Anti-PD1 blockade has proven to be highly effective and is approved for the treatment of relapsed/refractory Hodgkin lymphoma. In addition, the progression-free survival (PFS) and overall survival (OS) outcomes are superior in patients achieving a complete response to anti-PD1 therapy1. However, most patients eventually develop progression of disease, constituting an unmet need due to a lack of approved novel treatment options. Local radiotherapy is postulated to induce systemic anti-tumour immunity leading to a tumour response outside the irradiated area. This so-called abscopal effect may be augmented by anti-PD1 therapy2.
The ongoing AERN (Abscopal Effect of Radiotherapy and Nivolumab in Relapsed or Refractory Hodgkin Lymphoma) trial (NCT03480334) is a phase-2, proof-of-concept study to prospectively evaluate the efficacy and safety of nivolumab and radiotherapy in patients with relapsed/refractory Hodgkin lymphoma who failed on anti-PD1 treatment. Dr Paul Bröckelmann (University Hospital of Cologne, Germany) presented the results of the first pre-planned interim analysis3.
The study enrolled 29 patients (n=9 in stage I, n=20 in stage II) who showed progressive disease while on anti-PD1 treatment or stable disease for more than 6 months as best response while on active treatment. The last dose of anti-PD1 was within 4 weeks prior to enrolment. Patients had ≥2 distinct FDG-avid lesions with at least 5 cm distance between them and one lesion considered to be eligible for radiotherapy with 20 Gy. Radiotherapy was administered after the first dose of nivolumab. The primary endpoint is abscopal response rate at the first interim restaging after 6 infusions.
In the participants enrolled in stage I, the overall response rate at first interim restaging was 56% (all partial responses), and abscopal response rate was present in 56% (n=5) of patients. In many cases, lesions far away from the radiated area showed a response. Even a patient who was classified as progressive due to a new lesion had a substantial reduction of tumour burden in the non-radiated lesions. PFS at 1 year is 42.3%.

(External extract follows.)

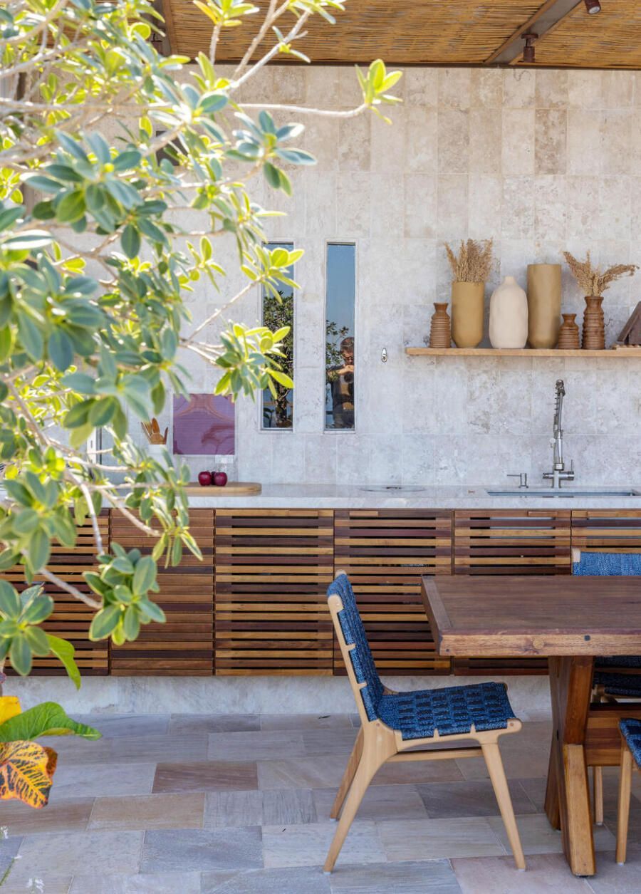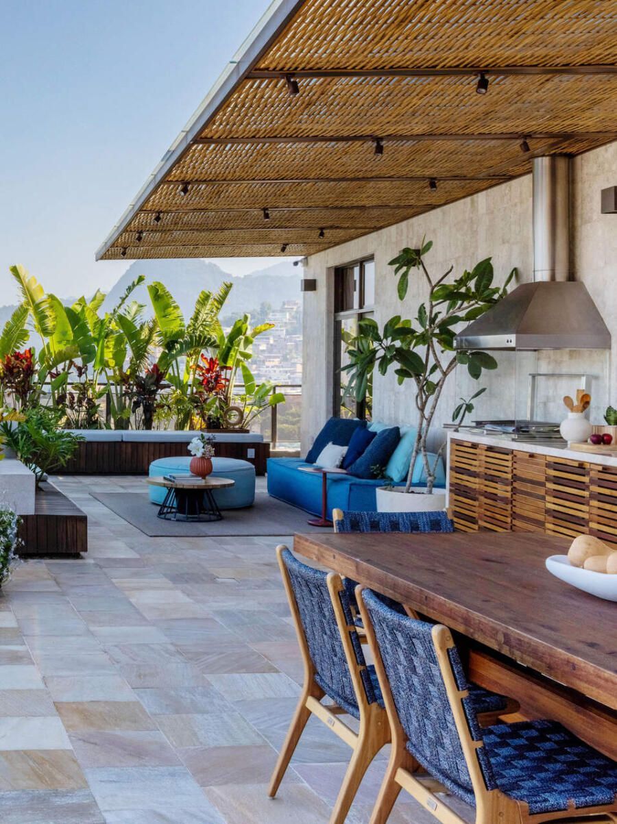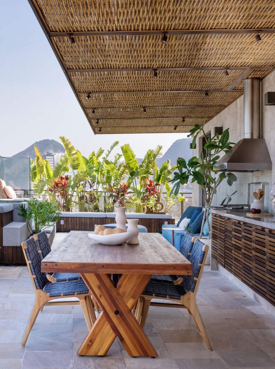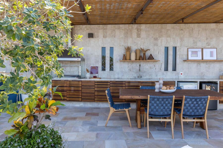 O projeto também propôs uma cobertura metálica com fibra natural trançada, piscina ladeada por bancos de marcenaria ripada e bancada gourmet com armários embutidos, todos concebidos pela equipe de arquitetura. A área agora se divide em três setores: descanso e leitura, apoio à piscina e espaço gourmet com mesa ampla para refeições.

The treatment was well tolerated: most adverse events were grade 1, mostly skin toxicity due to radiotherapy.
Based on these preliminary results, Dr Bröckelmann concluded that radiation combined with anti-PD1 treatment is feasible and safe in patients with relapsed/refractory Hodgkin lymphoma who failed on anti-PD1 treatment. In addition, the results show encouraging early signals of efficacy, in particular an abscopal response rate of 56%. “This warrants further enrolment of patients in the trial.”
1. Ansell SM, et al. Abstract 074. International Conference on Malignant Lymphoma 2021, 18–22 June.
2. Ngwa W, et al. Nat Rev Cancer. 2018;18:313–322.
3. Bröckelmann P, et al. Abscopal effect of radiotherapy and nivolumab in relapsed or refractory Hodgkin lymphoma: pre-planned interim analysis of the international GHSH phase II AERN trial. Abstract S203. EHA2022 Hybrid Congress, 09–12 June.